Mrs. Robert Jones, a teacher in Warrenton for many years, was also widowed, and she and Sallie Twitty were employed after the war as teachers in the Warrenton Female College for the year 1868–69. The college closed at the end of the term, and the two women, acting as coprincipals, opened a school for girls in May 1869. Formally termed Warren High School, it was known locally simply as "Mrs. Jones's and Mrs. Twitty's School." When Mrs. Jones remarried in 1873, the school was closed, and Mrs. Twitty became caregiver in the family of Elias Carr, who was chief executive of the state for the term 1893–97. The Carr family's home was Bracebridge Hall in Edgecombe County, but they had a summer house in Warrenton, and there, in the summers between 1873 and 1880, Mrs. Twitty operated a school for small boys. She then taught English in the Wilson Collegiate Institute in Wilson for the term 1880–81. She was an English teacher and lady principal in charge of the preparatory department in Wilson Collegiate Institute (1881–85), Oxford Female Seminary (1885–89 and 1893–1915), and Luray Female Institute, Luray, Va. (1889–93).
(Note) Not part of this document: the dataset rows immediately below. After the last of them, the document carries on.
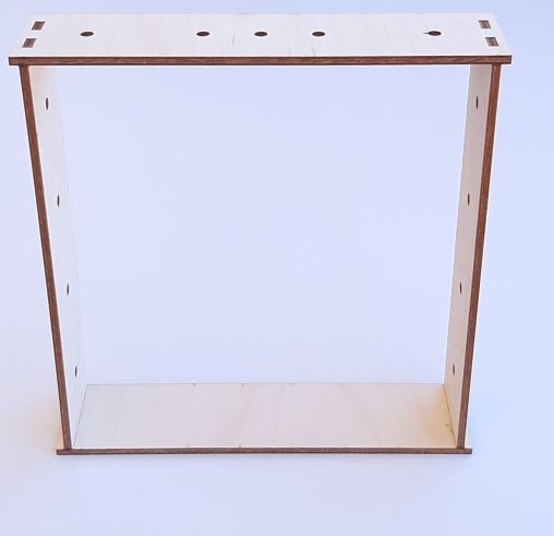 Επιτραπέζια κορνίζα 15χ15χ3,6cm με τρύπες στις 3 πλευρές σε κόντρα πλακέ σημύδα πάχους 3mm.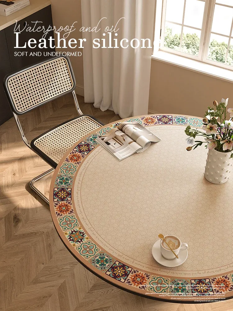 アメリカンスタイルの防水テーブルマット - 油汚れを防ぎ、熱から守るレトロな円形テーブルクロス。レザー素材でお手入れ簡単、ティーテーブルやダイニングテーブルに最適!
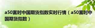 大家好,精选小编来为大家解答以上问题。a50富时中国期货指数实时行情,a50富时中国期货指数很多人还不知道,现在让我们一起来看看吧!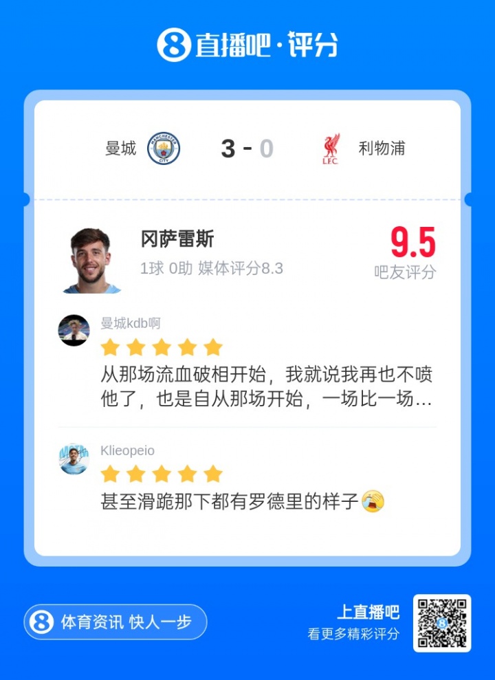 而近期,在羅德里傷情再度反復(fù),無(wú)法出戰(zhàn)的情況下,尼科似乎在曼城已經(jīng)漸入佳境,逐漸兌現(xiàn)著自己的身價(jià)。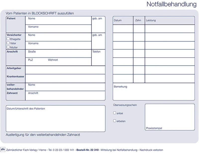 Selbstdurchschreibendes Formular für Notfallbehandlungen: ein Exemplar für den weiterbehandelnden Zahnarzt und ein Karteibeleg mit Alphabetleiste für die Kundenkartei.

As lady principal she was second in authority to the president, ready to assume charge of the college in his absence. At all times she rang the rising bell, inspected the rooms and the person of each student, presided over the meals in the dining hall, conducted religious worship in the chapel, gave the instructions for the day, taught her own classes, led the students on a daily walk, saw to it that they were all safely in their rooms for study and quiet, and rang the bell for retiring. She was in charge of student discipline and conduct on the college grounds and in the town.

It was her responsibility in these finishing schools to train girls from childhood to adulthood in all the accomplishments of womanly life, which in those days meant presiding over a home and family or teaching school. She was expected to form her pupils by her own example. She taught simple subjects to students ranging from six-year-old beginners to mature young women, but she taught them thoroughly. She was a stern disciplinarian. For instance, she gave four lessons a week in spelling to each student, and no student was graduated until she could pass with a perfect mark Mrs. Twitty's examination of ninety-nine words.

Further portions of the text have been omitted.